======== Records supplied ========

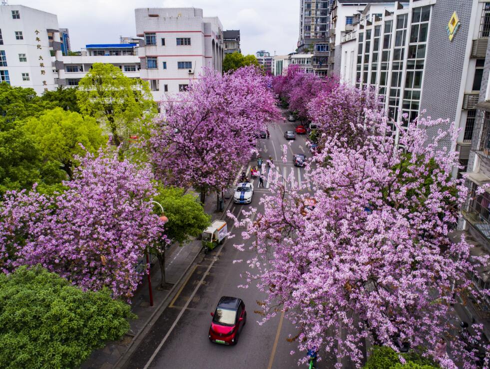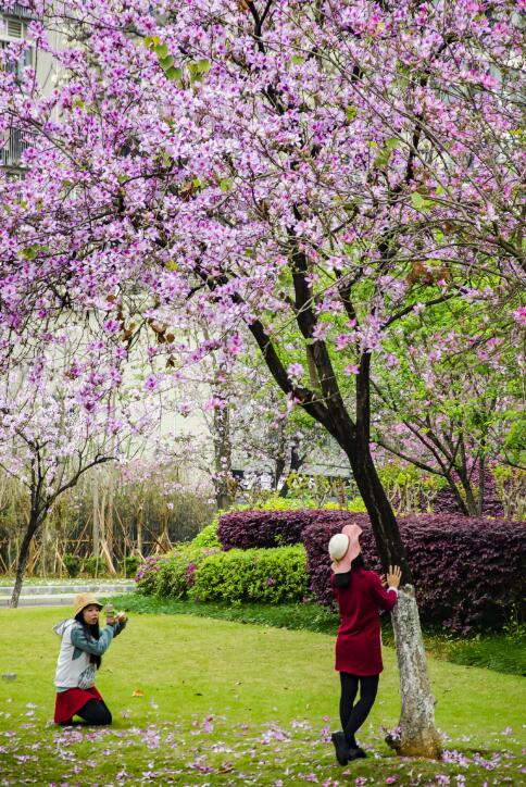 【香港商报网讯】记者唐琳报道:近日,广西柳州栽种的24万株洋紫荆进入花期,粉色的花瓣盛开在城市的大街小巷,引各地游人前来拍照,不少游客表示,随便截取一个镜头就是“大片”!
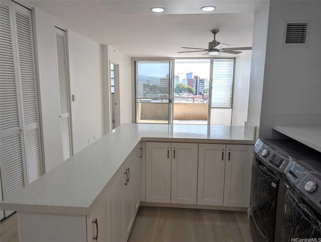 Kapiolani Bel-Aire tastefully renovated 2 bedroom, 1.5 bath condo. Over 800 square feet interior living space and a large lanai. Luxury Vinyl Plank flooring, redone kitchen with all new appliances, redone bathrooms and smooth ceiling (no popcorn). Minutes away from Ala Moana Shopping Center, Walmart, Target, Sam's Club, post office, banks and bus lines. Note this building has fire sprinklers for your protection.
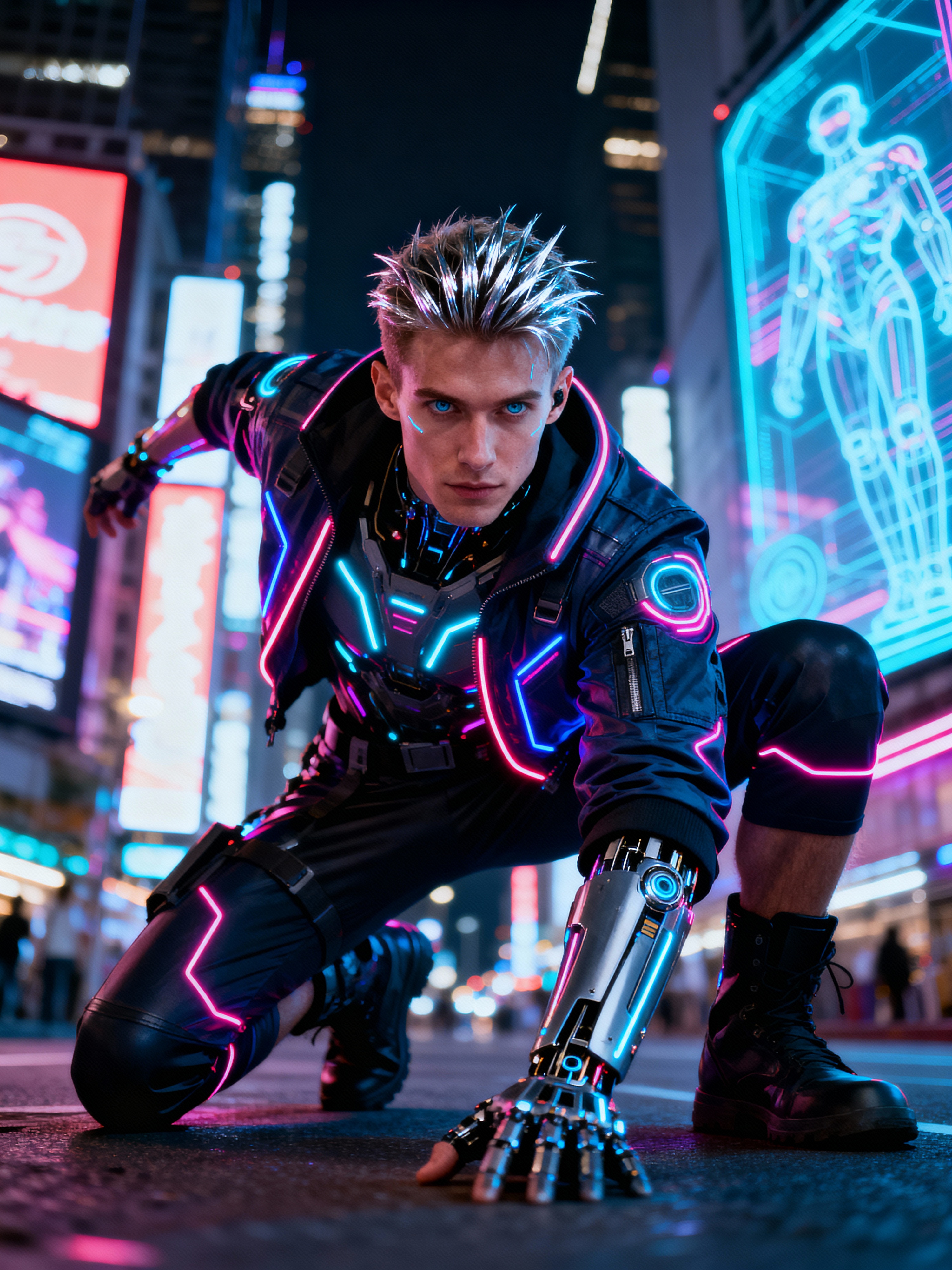 cosplayer model in a cyberpunk outfit, posing against the backdrop of bright city lights
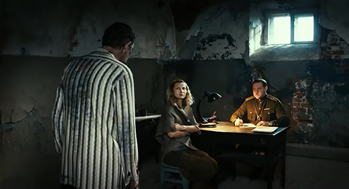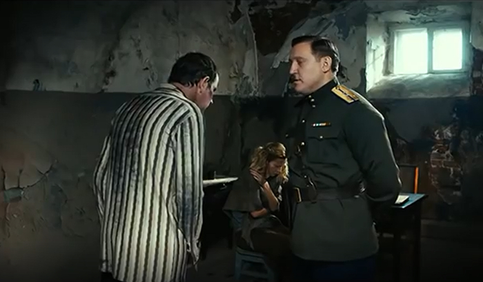Джульетта говорит, что она ничего не знает, капитан Сухонин, предлагает ей присесть, после чего пинком отшвыривает табурет, хватает итальянку за волосы и начинает на неё орать.
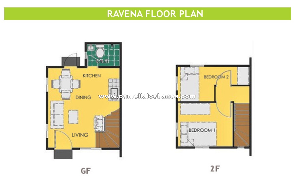 Ravena has a lot area of 44 and a house area of 40 sqm. It's a 2-storey townhouse with two bedrooms, a toilet and bath, a living area, a dining area and a kitchen.
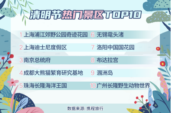出游主題方面,花園花海、動植物園、城市公園、主題樂園、水族館、博物館、古鎮是清明節最熱門的幾大景區類型。數據顯示,上海浦江郊野公園奇跡花園、上海迪士尼度假區、南京總統府、 洛陽中國國花園 、成都大熊貓繁育研究基地等位列“清明節熱門景區前十位”。

========

Assigned task:
Copy every record exactly; no pictures.

Solution to the problem:
 【香港商报网讯】记者唐琳报道:近日,广西柳州栽种的24万株洋紫荆进入花期,粉色的花瓣盛开在城市的大街小巷,引各地游人前来拍照,不少游客表示,随便截取一个镜头就是“大片”!
 Kapiolani Bel-Aire tastefully renovated 2 bedroom, 1.5 bath condo. Over 800 square feet interior living space and a large lanai. Luxury Vinyl Plank flooring, redone kitchen with all new appliances, redone bathrooms and smooth ceiling (no popcorn). Minutes away from Ala Moana Shopping Center, Walmart, Target, Sam's Club, post office, banks and bus lines. Note this building has fire sprinklers for your protection.
 cosplayer model in a cyberpunk outfit, posing against the backdrop of bright city lights
Джульетта говорит, что она ничего не знает, капитан Сухонин, предлагает ей присесть, после чего пинком отшвыривает табурет, хватает итальянку за волосы и начинает на неё орать.
 Ravena has a lot area of 44 and a house area of 40 sqm. It's a 2-storey townhouse with two bedrooms, a toilet and bath, a living area, a dining area and a kitchen.
出游主題方面,花園花海、動植物園、城市公園、主題樂園、水族館、博物館、古鎮是清明節最熱門的幾大景區類型。數據顯示,上海浦江郊野公園奇跡花園、上海迪士尼度假區、南京總統府、 洛陽中國國花園 、成都大熊貓繁育研究基地等位列“清明節熱門景區前十位”。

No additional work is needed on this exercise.